To celebrate the U.S. Open, I was invited to the Manhattan Plaza Racquet Club on West 43rd Street in New York City. The event was to introduce Babolat’s new Pure Drive, the professional player’s racquet of choice. Indeed, it is purported to be the world’s most iconic “power” racquet, made to boost the shot-making ability of both the top pros and club players, who demand power with precision.
Like me! Just kidding—I haven’t played tennis in years. Any court sport, for that matter! Unless, of course, you consider watching NBC’s Law & Order a court sport. So while I had the opportunity to actually volley with one of the Babolat Pro Players, I instead was more than happy to talk with the two major stars who were there that afternoon for the racquet’s launch: 2017 Wimbledon Champion Garbine Muguruza and International Tennis Hall of Fame Inductee, and former #1 ranked, Kim Clijsters.
Interviewing sports stars has a special meaning to me. In my first book, Breakfast, Lunch and Dinner of Champions, I focused on more than a hundred of the biggest stars in ten professional—and also Olympic—sports, and chronicled what they ate and how they trained. I figured, since their careers depended on stamina, speed, consistency and power, their advice would help not only every aspiring or weekend athlete, but those of us who just wanted to increase their energy on a daily basis.

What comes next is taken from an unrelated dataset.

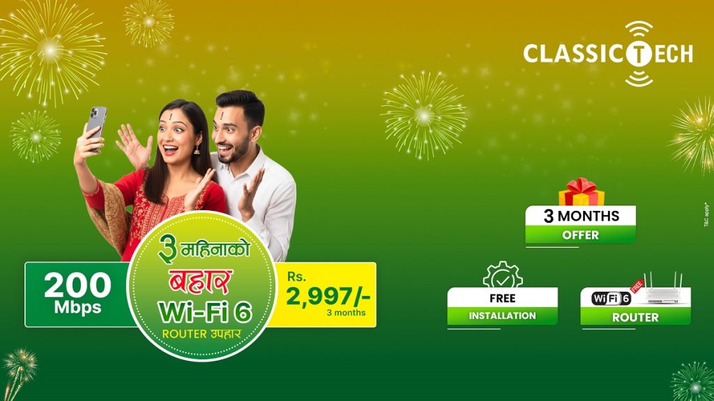 क्लासिक टेकको तिहार अफर, ३ हजारमा ३ महिनाको इन्टरनेट जोड्दा ६ हजार फाइदा

Pro Tennis, as we all know, is a grueling sport in every way. One has only to look at this year’s U.S. Open champ, Rafael Nadal, to see the intense effort it takes to win. With every swing—-of his Babolat racquet, obvi—as one sports writer noted, he makes a noise like he’s “lifting a Steinway up a stairwell!” That said, figure that a sprint lasts seconds. Somewhat longer races on land and water, plus the occasional boxing match, might take less than a minute or two, while most team sports go for around an hour of game time and usually two to three hours in total. The major tennis tournaments, however, generally require at least two weeks of matches–-often singles, doubles and mixed doubles—that can easily go on for hours. Therefore, it is no surprise that world class tennis players have to be as fit as any athlete in any sport. Perhaps even fitter.
In between playing that afternoon—without me, alas—the ladies gave me some super quick tips that I’d like to share:
Kim drinks a glass of warm water every morning, in which she puts 2 tablespoons of apple cider vinegar and a half a lemon. She doesn’t eat dairy, drinks copious amounts of water and snacks on kale chips that she bakes herself. Her anti-stress secrets are yoga and TM meditation. She suggests something as simple as inhaling deeply for 2 counts, and then exhaling for 6, as an instant relaxation technique.
Garbine believes in a big breakfast to keep her going all day. This consists of oatmeal, eggs, avocados and fruit. Right before a game she’ll have some chocolate for energy. And right after, a carbohydrate, like rice and a protein, to restore her strength.
At the end of the afternoon, I left the club with a beautiful new Babolat Pure Drive Racquet. And while I couldn’t claim any victories on the court, as I walked down the street with a tennis visor pulled low over my forehead and the racquet swinging by my side, I was secretly hoping that passersby would at least think that I did. Or, better yet, confuse me for that other Babolat fan, Caroline Wozniacki!!